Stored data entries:
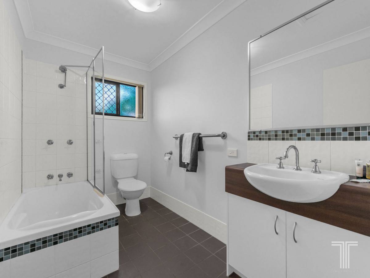 Upstairs, two bedrooms with carpeted flooring and built-in robes are serviced by the main bathroom.
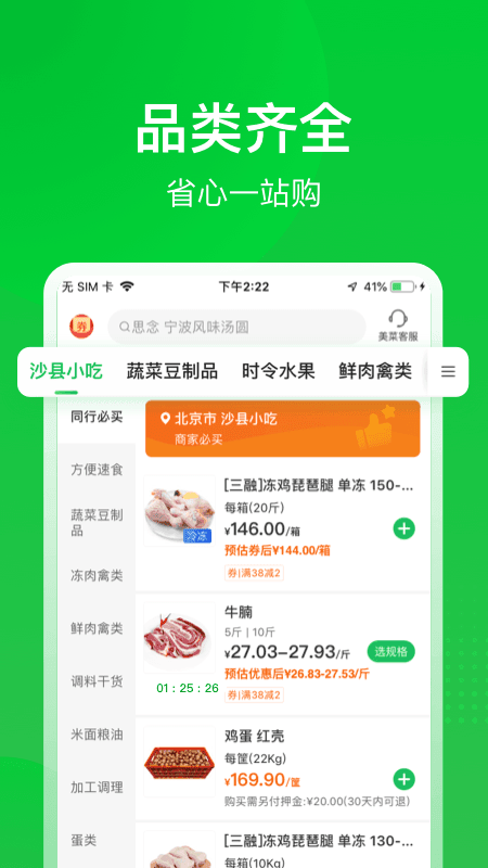 这款软件能够给广大的用户提供最新鲜,最低价,品种更全等等一站式的购物服务,所有的商品都有着详细的分类列表,在采购方面能够提供更加便捷化的操作方式。所有的用户在软件中都可以购买到自己所需的各种鲜肉水产新鲜蔬菜等等商品,每一款商品都能够让你买的称心如意,在购物过程中,用户如果有任何问题,会有专业的客服在线为你解决,让你的购物过程更加的轻松舒适。
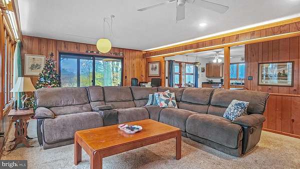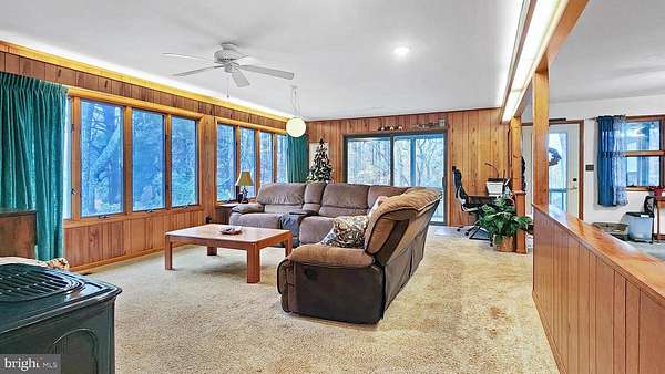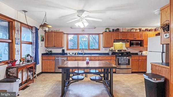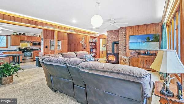 - Ceiling Fan(s), Combination Kitchen/Dining, Country Kitchen, Entry Level Bedroom, Open Floor Plan, Primary Bath(s), Window Treatments, Wood Stove
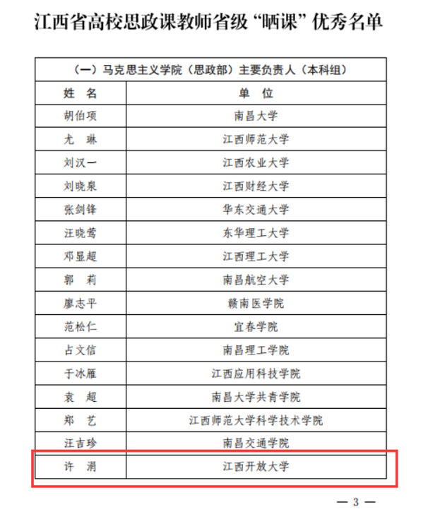 近日,2022年度全省高校思政课专职教师全员“晒课”优秀名单出炉,我院思政课教师许涓和李玫榜上有名。其中,许涓老师入选马克思主义学院(思政部)主要负责人(本科组)优秀名单,李玫老师入选思政课教师代表(高职组)优秀名单。两位老师分别与44所本科院校马克思主义(思政部)主要负责人、59所高职院校思政课教师同台竞技并脱颖而出,反映了两位教师高超的教学水平,也是近年来开云在线登录入口(China)官方网站着力推进思政课问题式专题化团队教学改革一个重要成果。
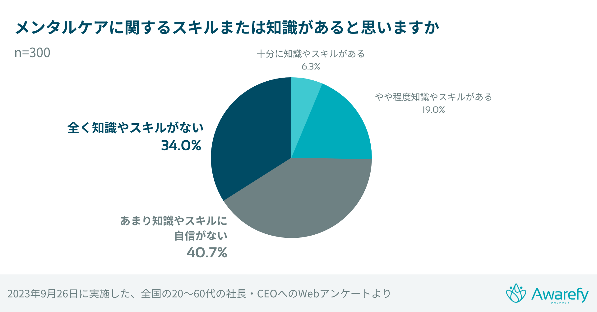 • 7割以上がメンタルケアに関するスキルや知識がないと感じている
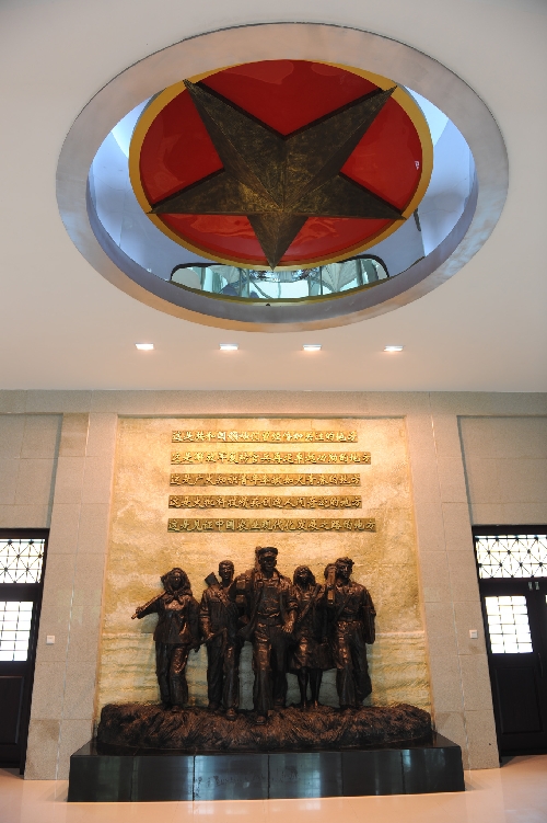 序廳展有主題雕塑,雕塑是開發(fā)建設(shè)北大荒群體中的復(fù)轉(zhuǎn)官兵、知識青年、支邊青年、科技人員和現(xiàn)代青年五位代表人物的形象,主題雕塑上方是紅興隆博物館的主題詞。

**REQUIREMENT**
None of the images should be copied, but every entry must be given again exactly.

**THE COMPLETED TASK**
 Upstairs, two bedrooms with carpeted flooring and built-in robes are serviced by the main bathroom.
 这款软件能够给广大的用户提供最新鲜,最低价,品种更全等等一站式的购物服务,所有的商品都有着详细的分类列表,在采购方面能够提供更加便捷化的操作方式。所有的用户在软件中都可以购买到自己所需的各种鲜肉水产新鲜蔬菜等等商品,每一款商品都能够让你买的称心如意,在购物过程中,用户如果有任何问题,会有专业的客服在线为你解决,让你的购物过程更加的轻松舒适。
 - Ceiling Fan(s), Combination Kitchen/Dining, Country Kitchen, Entry Level Bedroom, Open Floor Plan, Primary Bath(s), Window Treatments, Wood Stove
 近日,2022年度全省高校思政课专职教师全员“晒课”优秀名单出炉,我院思政课教师许涓和李玫榜上有名。其中,许涓老师入选马克思主义学院(思政部)主要负责人(本科组)优秀名单,李玫老师入选思政课教师代表(高职组)优秀名单。两位老师分别与44所本科院校马克思主义(思政部)主要负责人、59所高职院校思政课教师同台竞技并脱颖而出,反映了两位教师高超的教学水平,也是近年来开云在线登录入口(China)官方网站着力推进思政课问题式专题化团队教学改革一个重要成果。
 • 7割以上がメンタルケアに関するスキルや知識がないと感じている
 序廳展有主題雕塑,雕塑是開發(fā)建設(shè)北大荒群體中的復(fù)轉(zhuǎn)官兵、知識青年、支邊青年、科技人員和現(xiàn)代青年五位代表人物的形象,主題雕塑上方是紅興隆博物館的主題詞。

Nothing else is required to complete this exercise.